- Country: USA
- Language: English
- Genre: Science fiction

Publication
- Published in: Worlds Beyond
- Publication type: Periodical
- Publisher: Hillman Periodicals
- Media type: Print (Magazine)
- Publication date: December 1950

= The Mindworm =

"The Mindworm" is a science fiction short story written by American writer Cyril M. Kornbluth, first published in 1950. It combines the themes of mutant power, telepathy and ancient superstition.

==Plot summary==

The protagonist, the Mindworm of the title, is an orphan, the result of a liaison between a U.S. Navy lieutenant and a nurse aboard ship during viewing of early atomic tests. He is a mutant, as a result of the atomic fallout after the testing, and he can "hear" the thoughts of others around him.

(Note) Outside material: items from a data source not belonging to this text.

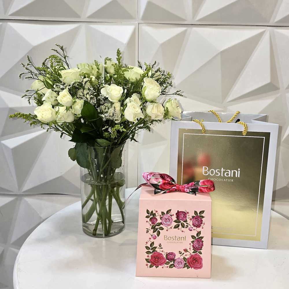 باقة تحتوي على زهور البيبي جوري البيضاء، مرتبة بشكل جميل في فازة. تأتي مع علبة شوكولاتة من بستاني.
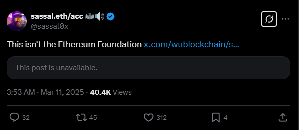 Anthony Sassano, Ethereum educator and founder of The Daily Gwei, posted that the address in question is not the Ethereum Foundation.
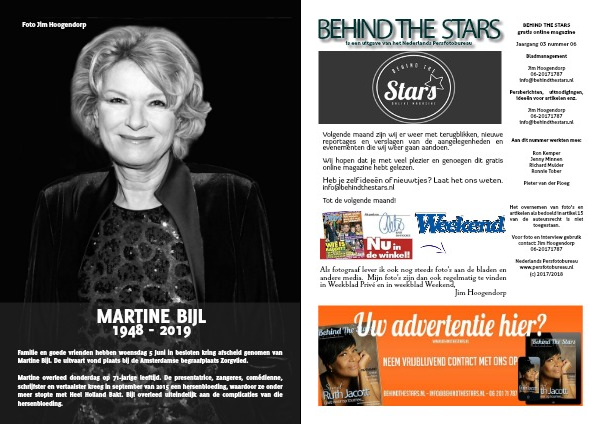 Martine overleed donderdag op 71-jarige leeftijd. De presentatrice, zangeres, comédienne, schrijfster en vertaalster kreeg in september van 2015 een hersenbloeding, waardoor ze onder meer stopte met Heel Holland Bakt. Bijl overleed uiteindelijk aan de complicaties van die hersenbloeding.
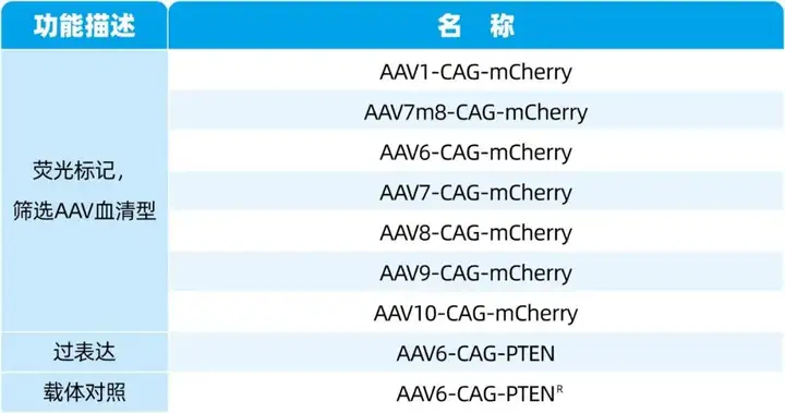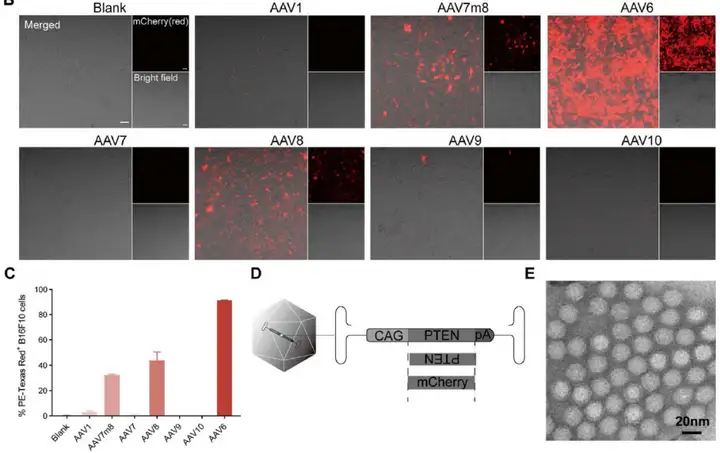 为有效将PTEN基因递送到B16F10细胞中,研究人员筛选AAV的血清型。利用哺乳动物细胞中高表达的CAG启动子调控靶基因mCherry表达,载体为AAV-CAG-mCherry,血清型为AAV1、AAV7m8、AAV6、AAV7、AAV8、AAV9和AAV10。接下来,探究不同血清型的AAV-mCherry感染B16F10的效率,AAV-mCherry以MOI=1×105感染B16F10细胞48小时,mCherry的表达通过荧光确定(共聚焦显微镜成像),随后收集细胞用于流式细胞术分析。结果显示,AAV6可感染91%以上的B16F10细胞,而AAV7m8和AAV8可以感染不超过44%的B16F10细胞。AAV的其他血清型感染B16F10细胞的效率较低。因此,作者选择了血清型6,以有效地递送PTEN基因,包装和纯化AAV6-CAG-PTEN(以下简称AAV-PTEN),并翻转PTEN基因序列和包装AAV6-CAG-PTENR(以下简称AAV-PTENR)作为载体对照。

Cast out into the world as a young adult, he is about to be gang raped by hoboes when he discovers an ability to feed off strong emotions, killing one of his assailants in the process. He uses this to eliminate the rest of his attackers. He moves from town to town, eavesdropping on the thoughts of people around him, and using his abilities to induce the intense emotion he craves, and to gain material wealth. The thoughts he hears often represent a brutal side of America, as he hears the large and small cruelties people inflict on each other, ranging from family quarrels to beatings carried out in dark alleyways.

He can hear thoughts in other languages, though he cannot understand them. As he moves into communities where new Eastern European immigrants have congregated, he starts hearing the term "wompyear". Just as he realizes that this is their pronunciation of the word "vampire" and they have recognized him, his neighbors burst in and kill him.